■ The problem ■
Please output the data exactly, minus pictures.

::: Data below

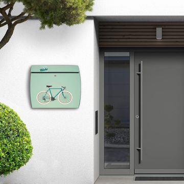 FUNKTION: DESIGN: Das Burg Wächter Modell Toscana mit Motiv I want to ride my bike hat ein sehr ansprechendes und zeitloses Design und ist besonderes wetterfest. Heben Sie Sich von der tristen grauen Masse ab, ohne auf Funktionalität zu verzichten. Wir bieten Ihnen ebenfalls Namensschilder, bereits beschriftet oder frei zu beschriften, und verschiedene selbst gestaltete Bitte-Keine-Werbung-Aufkleber. DETAILS: Der Postkasten besteht aus vollflächig verzinktem Stahl welcher in Anthrazit oder Weiß lackiert wurde oder aus Edelstahl (je nach gewählter Variante). Das Motiv besteht aus einer wetter- und UV-festen Folie, die mit einem Schutzlaminat überzogen ist, durch die Ihren Briefkasten zusätzlich vor Kratzern geschützt ist und auf den Briefkasten kaschiert wurde. Sie erhalten zu Ihrem neuen Design Briefkasten 2 Schlüssel sowie das passende Montagematerial. BANJADO: Ihr Briefkasten wird von Burg Wächter in Deutschland gefertigt und in unserer kleinen Manufaktur von Hand veredelt. Die Motivfolie ist lösungsmittelfrei und schutzlaminiert, dies sorgt für einen langen Halt. Wir legen großen Wert auf die Verbindung von Funktionalität und Design. Sie erhalten besondere Handarbeit aus Sachsen und Made in Germany.
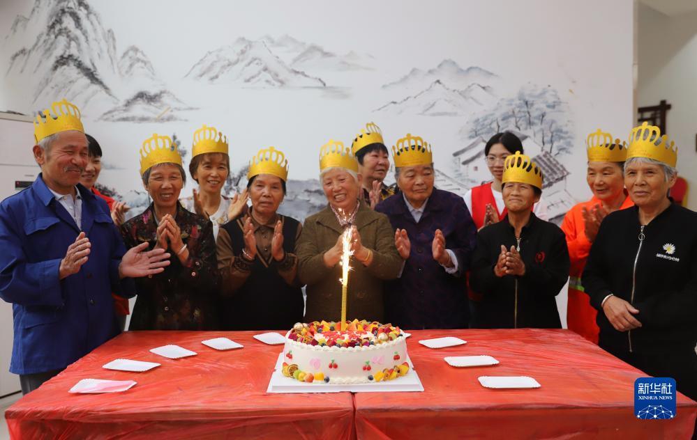 10月22日,浙江省台州市路橋區路北街道的黨員志願者在銘泰社區為老人們過集體生日。
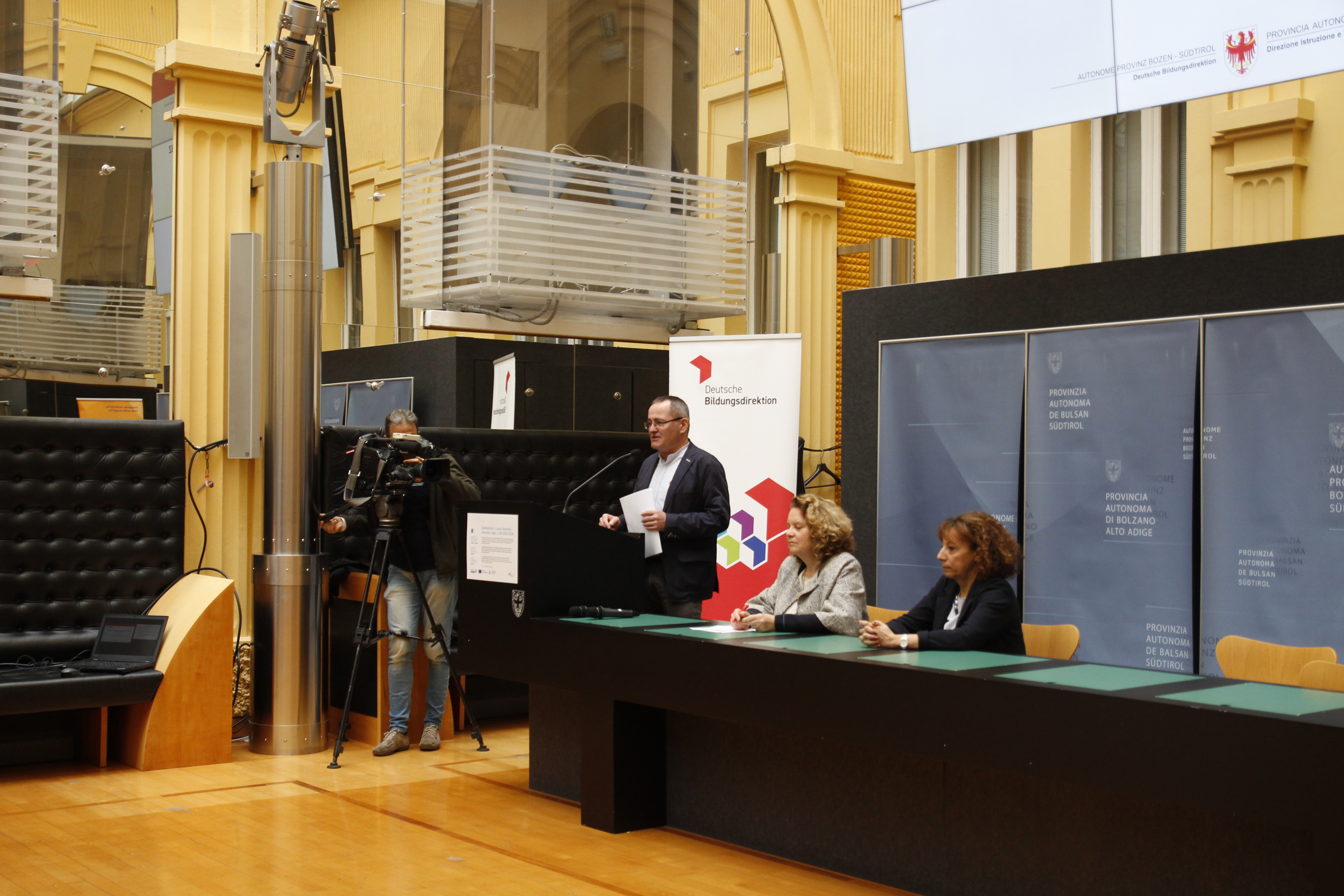 Der deutsche Bildungsdirektor Gustav Tschenett unterstrich eingangs die Besonderheit des von der Deutschen Bildungsdirektion initiierten Projektes, das in den Schuljahren 2024/2025 bis 2025/2026 mit rund vier Millionen Euro finanziert wird. Es handle sich um eine Premiere für die Deutsche Bildungsdirektion, sagte Tschenett, mit Verweis auf den komplexen und langen Arbeitsprozess, die zahlreichen Partner und die europaweite Ausschreibung, die für "LISE" erforderlich waren. "Wir starten im Schuljahr 2024/25 mit zwei großen Aktionslinien", informierte Tschenett. Über die europaweite Ausschreibung seien kompetente Partner für die Umsetzung gefunden worden. Dem pflichtete auch die für den Europäischen Sozialfonds zuständige Amtsdirektorin Claudia Weiler bei. Weiler betonte, dass sich die Ziele des Schülermobilitätsprojektes mit jenen des Europäischen Sozialfonds deckten, nämlich Schlüsselkompetenzen fördern und Schulabbrüchen entgegenwirken.

::::::

■ Your solution ■
 FUNKTION: DESIGN: Das Burg Wächter Modell Toscana mit Motiv I want to ride my bike hat ein sehr ansprechendes und zeitloses Design und ist besonderes wetterfest. Heben Sie Sich von der tristen grauen Masse ab, ohne auf Funktionalität zu verzichten. Wir bieten Ihnen ebenfalls Namensschilder, bereits beschriftet oder frei zu beschriften, und verschiedene selbst gestaltete Bitte-Keine-Werbung-Aufkleber. DETAILS: Der Postkasten besteht aus vollflächig verzinktem Stahl welcher in Anthrazit oder Weiß lackiert wurde oder aus Edelstahl (je nach gewählter Variante). Das Motiv besteht aus einer wetter- und UV-festen Folie, die mit einem Schutzlaminat überzogen ist, durch die Ihren Briefkasten zusätzlich vor Kratzern geschützt ist und auf den Briefkasten kaschiert wurde. Sie erhalten zu Ihrem neuen Design Briefkasten 2 Schlüssel sowie das passende Montagematerial. BANJADO: Ihr Briefkasten wird von Burg Wächter in Deutschland gefertigt und in unserer kleinen Manufaktur von Hand veredelt. Die Motivfolie ist lösungsmittelfrei und schutzlaminiert, dies sorgt für einen langen Halt. Wir legen großen Wert auf die Verbindung von Funktionalität und Design. Sie erhalten besondere Handarbeit aus Sachsen und Made in Germany.
 10月22日,浙江省台州市路橋區路北街道的黨員志願者在銘泰社區為老人們過集體生日。
 Der deutsche Bildungsdirektor Gustav Tschenett unterstrich eingangs die Besonderheit des von der Deutschen Bildungsdirektion initiierten Projektes, das in den Schuljahren 2024/2025 bis 2025/2026 mit rund vier Millionen Euro finanziert wird. Es handle sich um eine Premiere für die Deutsche Bildungsdirektion, sagte Tschenett, mit Verweis auf den komplexen und langen Arbeitsprozess, die zahlreichen Partner und die europaweite Ausschreibung, die für "LISE" erforderlich waren. "Wir starten im Schuljahr 2024/25 mit zwei großen Aktionslinien", informierte Tschenett. Über die europaweite Ausschreibung seien kompetente Partner für die Umsetzung gefunden worden. Dem pflichtete auch die für den Europäischen Sozialfonds zuständige Amtsdirektorin Claudia Weiler bei. Weiler betonte, dass sich die Ziele des Schülermobilitätsprojektes mit jenen des Europäischen Sozialfonds deckten, nämlich Schlüsselkompetenzen fördern und Schulabbrüchen entgegenwirken.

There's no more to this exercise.